Depuis lors, il a pris sa bien-aimée et la possède comme personne. Il faut laisser sur son corps, les traces de son passage. La dame soumise, semble être résignée à son sort de butin de guerre, esclave des passions d’un prince obnubilé par la mémoire de ses échecs, à la recherche d’une reconnaissance toujours renouvelée d’une allégeance dont la validation quotidienne servirait d’élixir. Il veut se voir aimé, servi et chanté parce que l’histoire, la petite, lui a appris que la majorité de ses compatriotes suivent le vent pour assouvir leur désir de munificence. Il est le seul être de désir de sa communauté et la dame doit tout lui consacrer : son temps, son rythme, son argent, ses enfants et ses rêves. Et lui se pavane, se dandine comme les grues couronnées qui se promènent dans sa résidence. S’afficher, se faire désirer pour assurer une royauté à nulle autre pareille. Il veut ainsi effacer 40 ans de vie commune partagée entre deux hommes. Ses prédécesseurs. Recommence l’histoire. Mais dans la revanche, cuite et recuite. Posséder la dame, l’enfermer, l’observer, l’admirer, mais toujours la punir pour l’avoir dédaigné, et s’être refusée à lui, pendant un quart de siècle.

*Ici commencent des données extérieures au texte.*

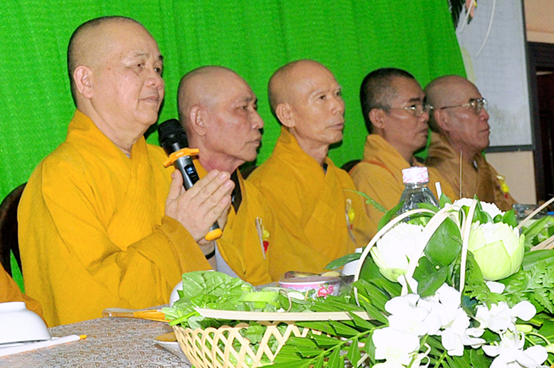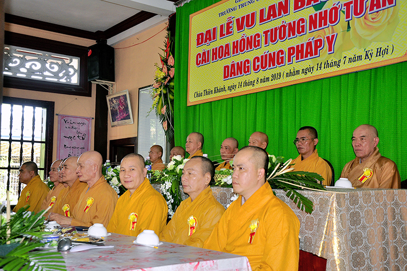 Thay mặt cho Chư Tôn đức Nhị Bộ Đại Tăng, HT.Thích Minh Thiện ban lời đạo từ chứng minh công đức quý Phật tử. Hòa thượng nói: “Chúng ta noi gương hiếu hạnh của Ngài Mục Kiền Liên nên thực hiện lễ Vu Lan Thắng Hội này, đây là buổi lễ sau khi Chư Tôn Thiền đức sau ba tháng an cư kiết hạ thúc liễm thân tâm, trao giồi giới đức tinh nghiêm, với chí nguyện “Thượng cầu Phật đạo, Hạ hóa chúng sanh” Ngày nay Chư Tôn Thiền đức hiện diện là biểu tượng thiêng liêng cho tất cả Phật tử dâng lên lời tôn kính của mình. Tam bảo là nơi cao quý để chúng sanh nương về tu học theo giáo lí từ bi trí tuệ của Phật, học Phật để giảm đi sự tham lam sân hận si mê, bớt đi những sự chấp trước. Giáo lí của đức Phật giúp cho chúng ta hiểu và chuyển hóa nỗi khổ niềm đau trong cuộc đời của mình. Do vậy quý Phật tử phải tự dặn lòng mình luôn luôn có niềm tin sâu vào tam bảo, phải sống trên con đường chánh đạo, khuyên người thân của mình biết quy y Tam bảo, đó là những người con Phật chân chánh đồng hoan hỷ khi về tham dự lễ Vu Lan.

Pour ce faire, il se plante devant elle et lui impose le silence et l’écoute. Et il narre ses aventures d’homme prodigue et prodige que le train de l’histoire a failli laisser sur le quai. Il raconte les humiliations, les rires et les moqueries des autres et les invectives tracées alors, sur les murs de la capitale. Il décide alors de manœuvrer pour une éternité familiale qui lui permettrait de rattraper le temps perdu. Il arriverait ainsi, pense-t-il se refaire une nouvelle jeunesse, retrouver de la puissance du chevalier de race, s’étaler de tout son long, sur ce corps longtemps rêvé et maintenant obtenu et qui était devenu souple, flexible et consentant. En ce jour où l’amour est célébré, chacun pourra imaginer, selon son inspiration une fin à cette histoire d’amour. En attendant, à tous les valentines et valentins, que vos amours soient éternelles !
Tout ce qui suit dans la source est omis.